Concerns about an imperial presidency have existed since America’s founding. Nearly every president has pushed the boundaries, yet President Obama made executive overreach a core strategy for bypassing that inconvenient branch—Congress—in which “all legislative Powers herein granted shall be vested.” Happily for our constitutional order, the courts have sometimes blocked his pen-and-phone usurpations when Congress could not.
President Trump, however, can help restore balance and empower Congress to legislate specific solutions to problems facing the American people. How could he do such a thing?
Trump’s Power Is Bigger than the Veto
Most fundamentally, he could veto problematic legislation. He could veto bills that create or reauthorize broad executive discretion, rely on budget trickery, or conflict with the Constitution. He could veto appropriations measures that fund too many programs lacking authorization. He could even veto legislation that includes too many unrelated topics and request that Congress send him smaller bills, perhaps even one subject at a time.
But he could also take the initiative and set the agenda. The Constitution’s Article II, Section 3 empowers him to “recommend to [Congress’] Consideration such Measures as he shall deem necessary and expedient.” President Trump has the power to send reform proposals, including legislative text, directly to Congress for review, and he can use the microphone—and Twitter—to advocate for them.
The White House can write one or more immigration reform bills. It could propose reauthorizing, reforming, streamlining, and consolidating programs in any department or agency. A high priority for Trump’s new approach to foreign policy might be a State Department that can make deals and otherwise assert American national interests without being so dependent on military force.
Naturally, only Congress may pass legislation, and it has much of the technical, political, and policy expertise to advance statutory initiatives. Over the decades, however, it has approved many well-intentioned but flawed statutes. President Trump can propose fixing them. Some only need technical corrections. Much deadwood—old laws that are no longer authorized or funded—needs to be cleared out. Significant reforms and repeals are also appropriate.
It’s Time to End the Autopilot
President Trump could even wade into congressional organization. The budget process is clearly broken, and interest in making it work again is high. Some have even suggested dissolving the appropriations committees and empowering the policy committees to fund programs in addition to designing them. Maybe then members could take credit for substantive modernization and reauthorization of vital programs instead of passing largely symbolic legislation while almost everything important runs on autopilot.

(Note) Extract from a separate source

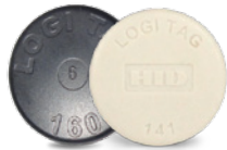
Logi Tag® 160/161
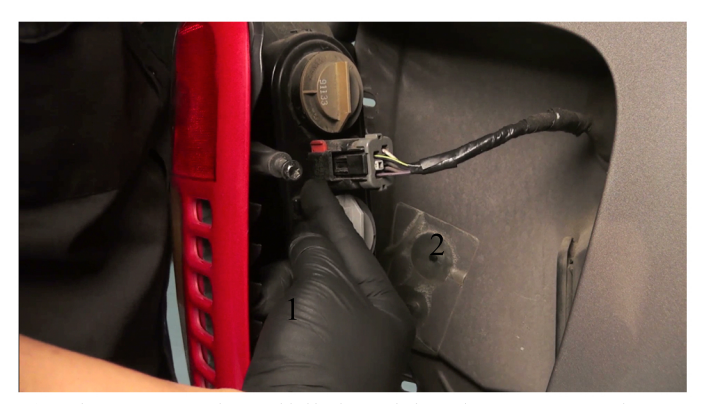
4) Disconnect the tail light wiring harness. Push up on the red tab to unlock the harness, disconnect the harness and remove the OEM tail light.

Setting the rules for each house of Congress is the sole power of that chamber, but presidential leadership could help forge consensus and advance reforms that require coordination between the House and the Senate.
Attempting to dictate from 1600 Pennsylvania Avenue isn’t going to work, of course. Members of Congress have their own constituencies, priorities, and insights, not to mention dignity. Legislators bear the responsibility for cultivating statutory law. Partnering with reformist elements in Congress can be a powerful tool for the administration to improve our country’s governance.
Some might say that no president, including President Trump, would leverage the process to shift power from the executive branch back to the legislative branch. Most people don’t try to reduce their influence. But patriots set aside temporary advantage for the public good, and presidents want to leave behind a lasting legacy.
The ultimate legacy would be repairing the institutions of government themselves. After all, only a constitutional republic with representatives who are accountable to the people can sustain a balanced, healthy political order. If President Trump wants to make American greater than it’s ever been, he must work to restore the republic. That restoration—an American Renaissance—requires returning Congress to its proper role.